Table 4-1. Summary of Experiments

Experiment

Clues

Data Collected

"usertime Experiment"

Slow program, nothing else known.

Not CPU-bound.

Inclusive and exclusive user time for each function by sampling the callstack at 30-millisecond intervals.

"pcsamp Experiment"

High user CPU time.

Actual CPU time at the source line, machine instruction and function levels by sampling the program counter at 10-or 1-millisecond intervals.

"ideal Experiment"

CPU-bound.

Ideal CPU time at the function, source line and machine instruction levels using instrumentation for basic block counting.

"ideal Experiment"

High user CPU time.

On R10000 class machines, exclusive counts at the source line, machine instruction, and function levels for overflows of the following counters: clock cycle, graduated instructions, primary instruction-cache misses, secondary instruction-cache misses, primary data-cache misses, secondary data-cache misses, TLB misses, graduated floating-point instructions.

"fpe Trace"

High system time.

Presence of floating point operations.

All floating point exceptions with the exception type and the callstack at the time of the exception.


usertime Experiment

The usertime experiment uses statistical call stack profiling, based on wall clock time, to measure inclusive and exclusive user time spent in each function while your program runs. This experiment uses an interval of 30 milliseconds.
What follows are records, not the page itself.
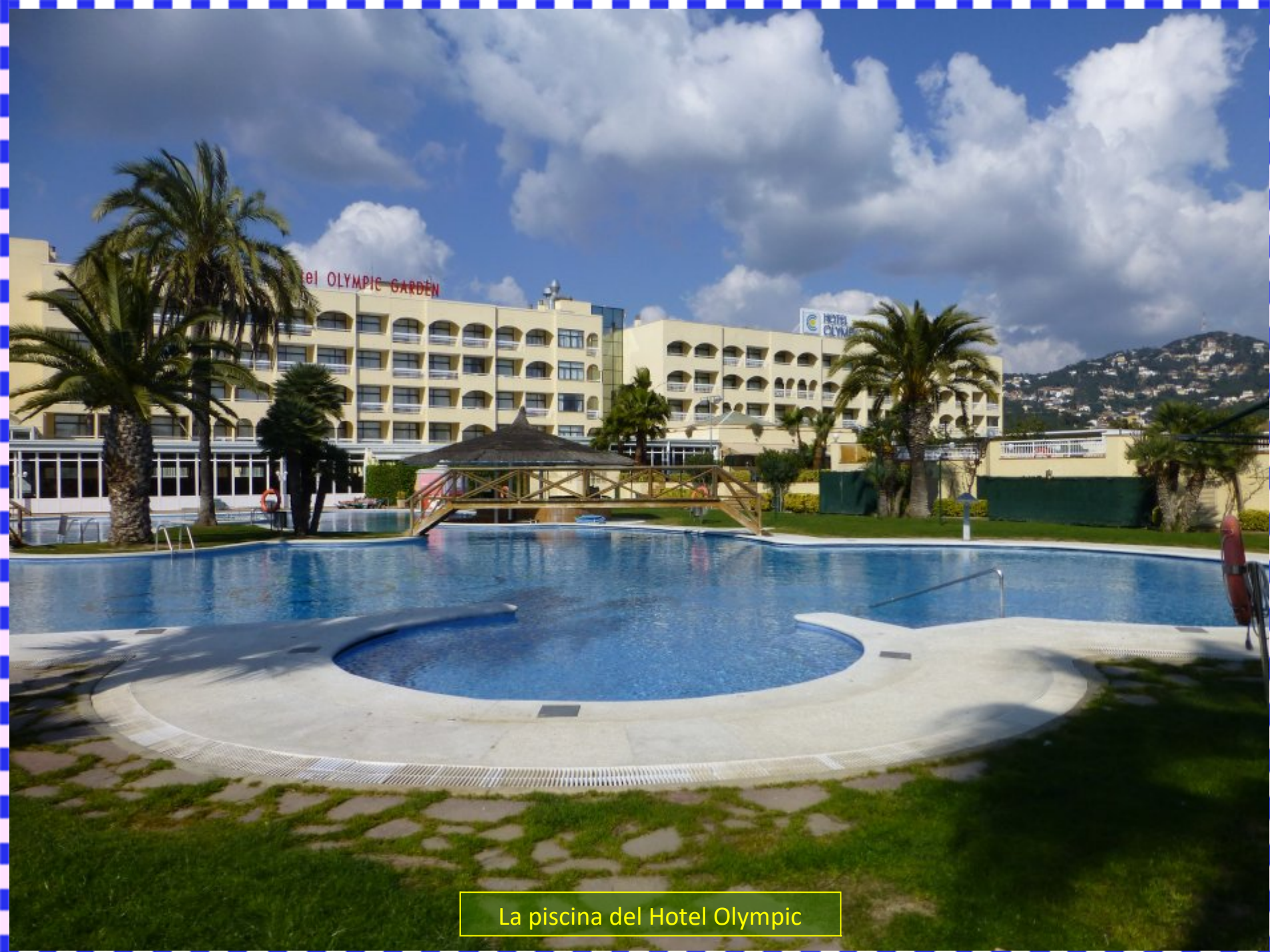
La piscina del Hotel Olympic
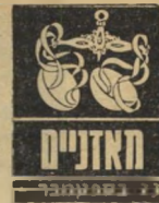
21 בספטמבר - 20 באוקטובר

אם ניחנת בסבלנות, חוש הומור ועצבים חזקים, תהיה זקוק להם מאוד בימים הקרובים. מישוה המקנא בך מסי-בות הידועות רק לשוני-כם, יעשה כמיטב יכול-תו וגם יצליח במידת-מה להפיץ עליך שמו-עות ולהבאישי את רי-חך במקומות חשובים. סיכויים טובים יהיו לך במישור הרומאנטי.
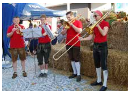
Es war ein Fest für die ganze Stadt.

Beim großen Eröffnungsfest war halb Vöcklabruck auf den Beinen, um sich ein Bild vom neuen Stadtplatz zu machen. Besondere Attraktion war eine überdimensionale Torte in Herzform, die an die Besucherinnen und Besucher verteilt wurde.
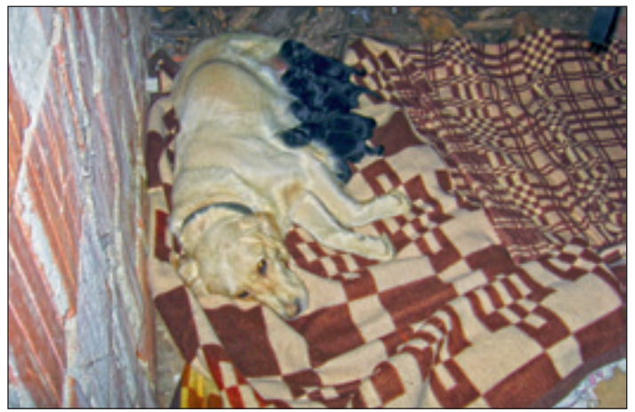
POTEM: Psico je lastnik premestil v tople in varen prostor, kjer je skotila.
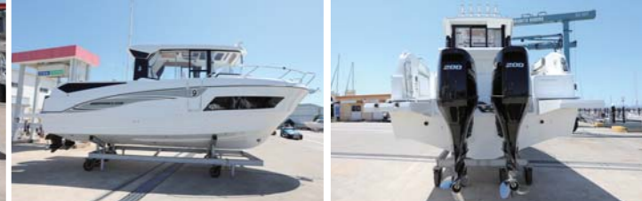
船体にはスズキ200馬力エンジンを2基搭載しており、爽快な走りを楽しめる。
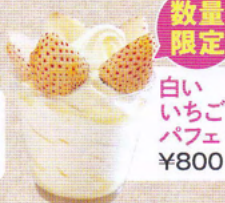
数量 限定 白い いちご パフェ ¥800
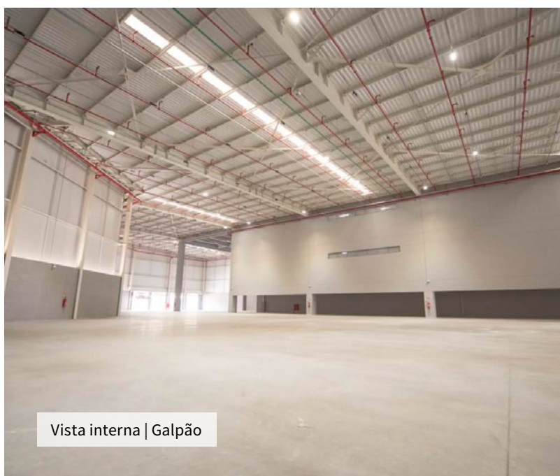
Vista interna | Galpão
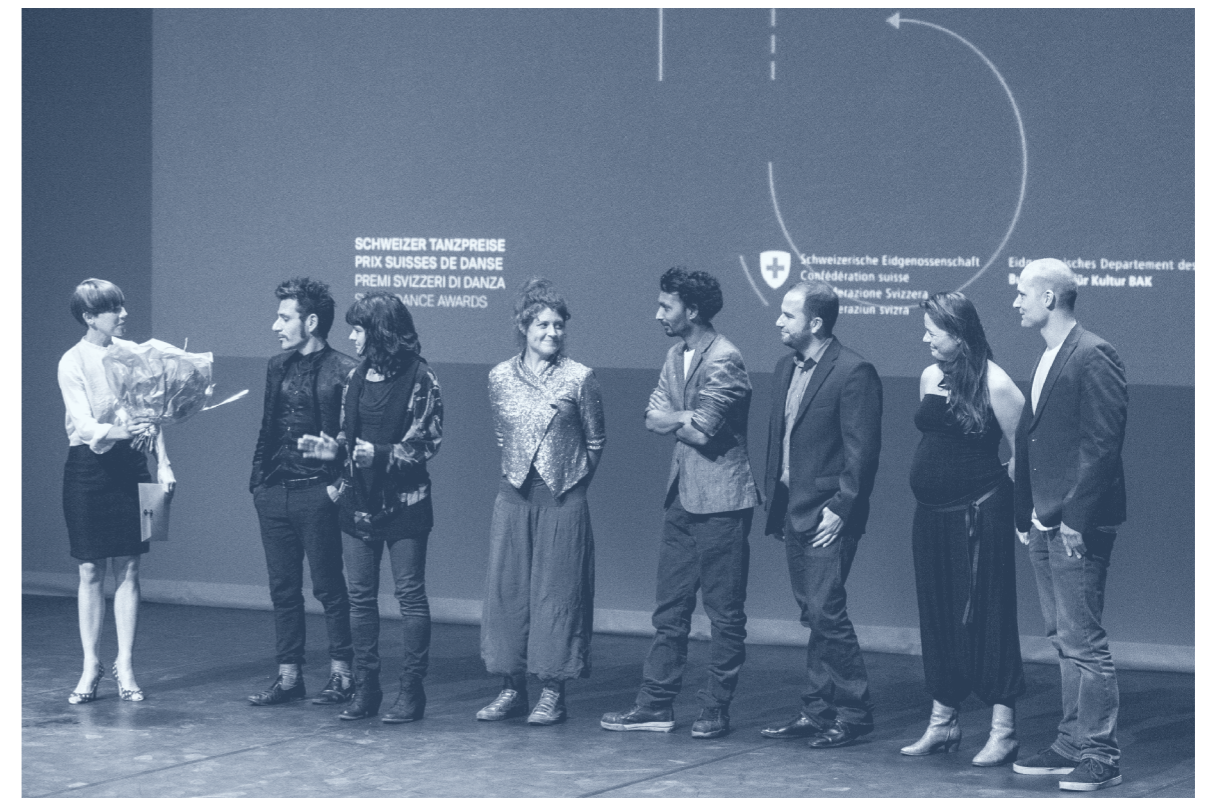
Oben: Performance der Asphalt Piloten vor dem Theater Équilibre in Fribourg anlässlich der Vergabe der Tanzpreise des BAK am 20.9.2013
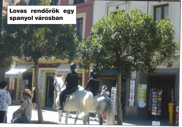
Lovas rendőrök egy spanyol városban
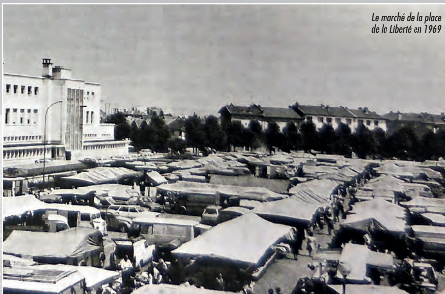
Le marché de la place de la Liberté en 1969

Le succès de ce marché est immédiat, acheteurs et vendeurs venant nombreux autour des étals. Tant et si bien que, à peine quatre mois plus tard, en juin 1923, les habitants du quartier des Essarts obtiennent à leur tour la création d'un "marché d'approvisionnement local" , qui se tiendra tous les dimanches matin "sur le trottoir de la route nationale (avenue Franklin-Roosevelt), entre le boulevard Pinel et la rue Laborde" . L'on imagine les voitures circulant sur la route nationale, peinant à trouver leur chemin au milieu des charrettes ou des tacots des forains... Le même problème se pose avec encore plus d'acuité lors du marché du lundi, qui voit la foule remplir toute la place de l'Hôtel de Ville et déborder dangereusement sur la nationale, au point de gêner la circulation. Aussi décide-t-on, en 1936, de déplacer les étals alimentaires
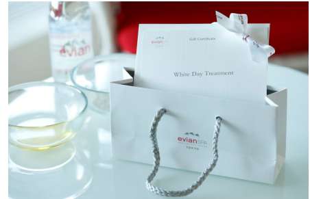
ホワイトデー トリートメントギフト券
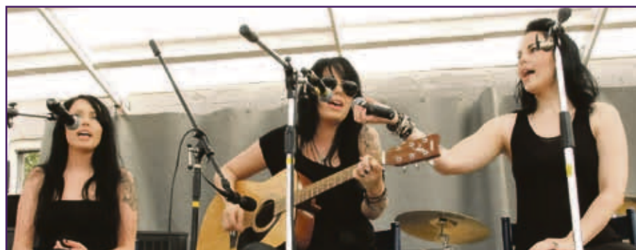
Stalingrad Cowgirls esiintyi
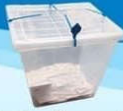
หีบเลือกตั้งพลาสติก
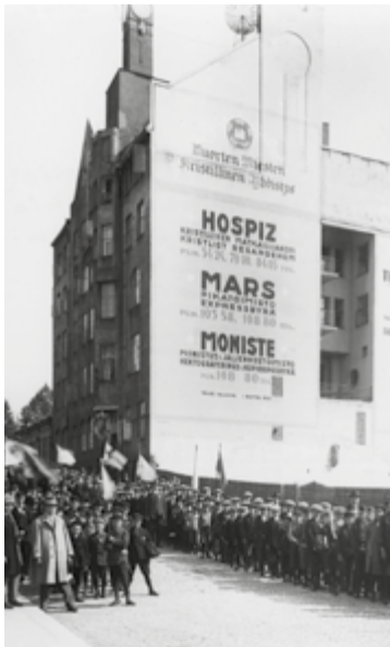
Hospiz oli Nuorten Miesten Kristillisen Yhdistyksen matkustajakoti Helsingin Kaisaniemessä. Nykyään samalla paikalla toimii Hotelli Arthur, jossa on Aino Kallaksen nimikkohuone.

Data is measured by periodically sampling the callstack. The program's callstack data is used to

  • attribute exclusive user time to the function at the bottom of each callstack (that is, the function being executed at the time of the sample)

  • attribute inclusive user time to all the functions above the one currently being executed

The time spent in a procedure is determined by multiplying the number of times an instruction for that procedure appears in the stack by the average time interval between call stacks. Call stacks are gathered whether the program was running or blocked; hence, the time computed represents the total time, both within and outside the CPU. If the target process was blocked for a long time as a result of an instruction, that instruction will show up as having a high time.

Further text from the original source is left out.